Thursday 22 October 2015

Aspirin

Aspirin is just about the only medication I take.  I used to pop vitamin C as we approached Winter but the evidence for its efficacy is so marginal that I decided this time last year that I wouldn't put myself in thrall to 50mg of grass-skirt and maracas.  I was going up to Dublin after work a couple of weeks ago and felt the beginning of a whiff of a headache, so I chewed up one aspirin and before I got to the motorway, the headache was gone.  Call it placebo, but for me it almost always works thus.  But then I only take about one aspirin a year so it's not a  reliably large dataset. I don't do paracetamol [aka acetaminophen phenacetin]: it just wasn't part of our very limited pharmacopoeia when I was growing up.  I've also absorbed the information that death by paracetamol is a particularly grim way to kill yourself because it destroys the liver without, usually, drifting you off to quietus.  By the time symptoms start, and they are horrible, or you have second thoughts, it is too late to administer the antidote.

Aspirin, au contraire, has a chance of precipitating Reye's Syndrome - especially in children.  But that definitely hadn't surfaced as a possibility when I was young.  Reye's is a peculiar disease that triggers liver malfunction and occasionally this upsets some homeostatic balance so that fluid builds up on the brain: even if your kid is not one of the 20% who dies, a trip to intensive care is often indicated and there is a strong likelihood of long-term damage. That is one side of the risk assessment.  The other side is that Reye's is extremely rare: about 6 cases for every million children and that made it difficult to make the association between aspirin and the clatter of characteristic symptoms of encephalopathy which were described by Australian physician Douglas Reye and his colleagues in 1963. The association with aspirin, especially when used to counter the temperatures induced by influenza and other viruses was noted by Dr Karen Starko and others after a case/control study in 1980.  It took 6 years and several other studies to convince the FDA to change the warning labels on aspirin. Sales of aspirin took a hammering after the news got out and those of paracetamol got a complementary boost.  It's a good example of the precautionary principle: better not to use aspirin with children because the adverse consequences, though rare, are really adverse. The incidence of Reye's has collapsed over the last 30 years and is now bumbling along at about 1 case per million.  There are far more likely causes of childhood mortality to worry about - like taking your child to swimming, cello, hip-hop or drama classes in a car.

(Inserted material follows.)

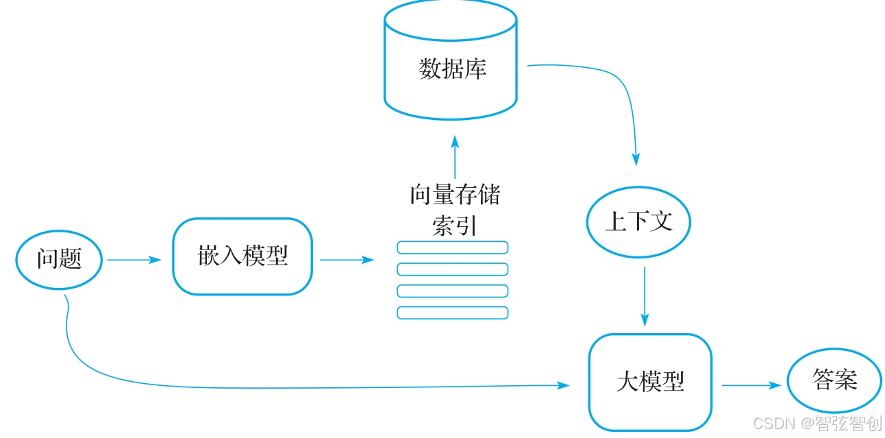 结合图1,我们可以这样理解RAG技术:它就像给大模型找了个机灵的资料管理员。想像一个图书管理员在接到读者问题时,会把它转化为关键词(通过嵌入模型),先根据图书目录(向量存储索引)跑遍整个图书馆(数据库)查找相关书籍,再把关键段落(上下文)贴在问题本上,最后才让大模型根据这些资料写答案。

I thought that was all we had to know about aspirin but last week I came across a 2009 article by Karen Starko [again] in which she claims that aspirin has probable cause for being implicated in the disproportionate death rate among fit young adults during the 1918 influenza pandemic.  This has always been a bit of a mystery: it's usually the very old or very young and/or poorly fed who peg out when there are epidemics. In my own mind, I've explained it (superficially) as getting killed by an over-active inflammatory response to the viral insult. What kills you in cholera is that the toxins produced by Vibrio cholerae trigger an immune response that calls for a dramatic flush-through in the intestine: you die by dehydration.  If you can keep clean fluids up for a couple of days then the bugs calm down and/or go elsewhere and you survive. Dr Starko observes that one of the symptoms of aspirin poisoning is pulmonary oedema: you can't breathe efficiently if your lungs are full of fluid.  Back in 1918, doctors were recommending quite large doses of aspirin to reduce the influenza-driven pain and fever and may, unwittingly, have killed even more of their patients than normal. Could be; hard to test; and we're unlikely to repeat the mistake after all the Reye's brouhaha.

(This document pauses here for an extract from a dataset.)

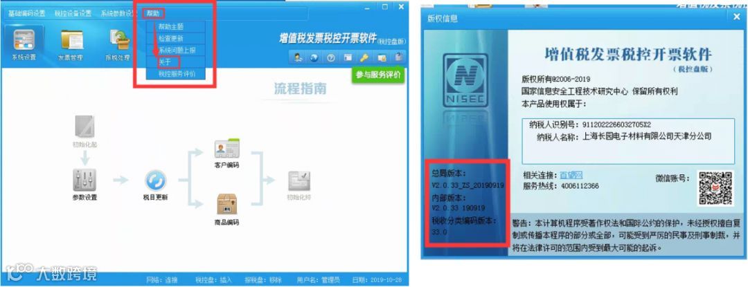 9、进入开票软件后,点击【帮助】-【关于】界面,在左下角显示软件版本。

One other bit of murk in the history of aspirin is a controversy about who did what in the laboratories of the German chemical giant Bayer. The standard story is that aspirin was first synthesised by a Bayer chemist called Felix Hoffmann.  This is what Hoffman put about, even citing a specific date - 10 August 1897 - when the protocol was finally sorted out. This was disputed by his line-boss Arthur Eichengrün who maintained that Hoffman was just a pair of hands doing Eichengrün's bidding. Shades of Lemaitre and Hoffmann here: everyone wants to be associated with a success strory. The fact that the older man was trying to defend his reputation writing from the Theresienstadt concentration camp adds a bit of needle to the haystack of claims. Eichengrün was banged up in the camp because he had failed to make it sufficiently clear that he and his company were 'Jewish'. Even without the stuff about aspirin, his reputation would be held up high by his development of protargol in 1897; it was for two generations the drug of choice against gonorrhoea.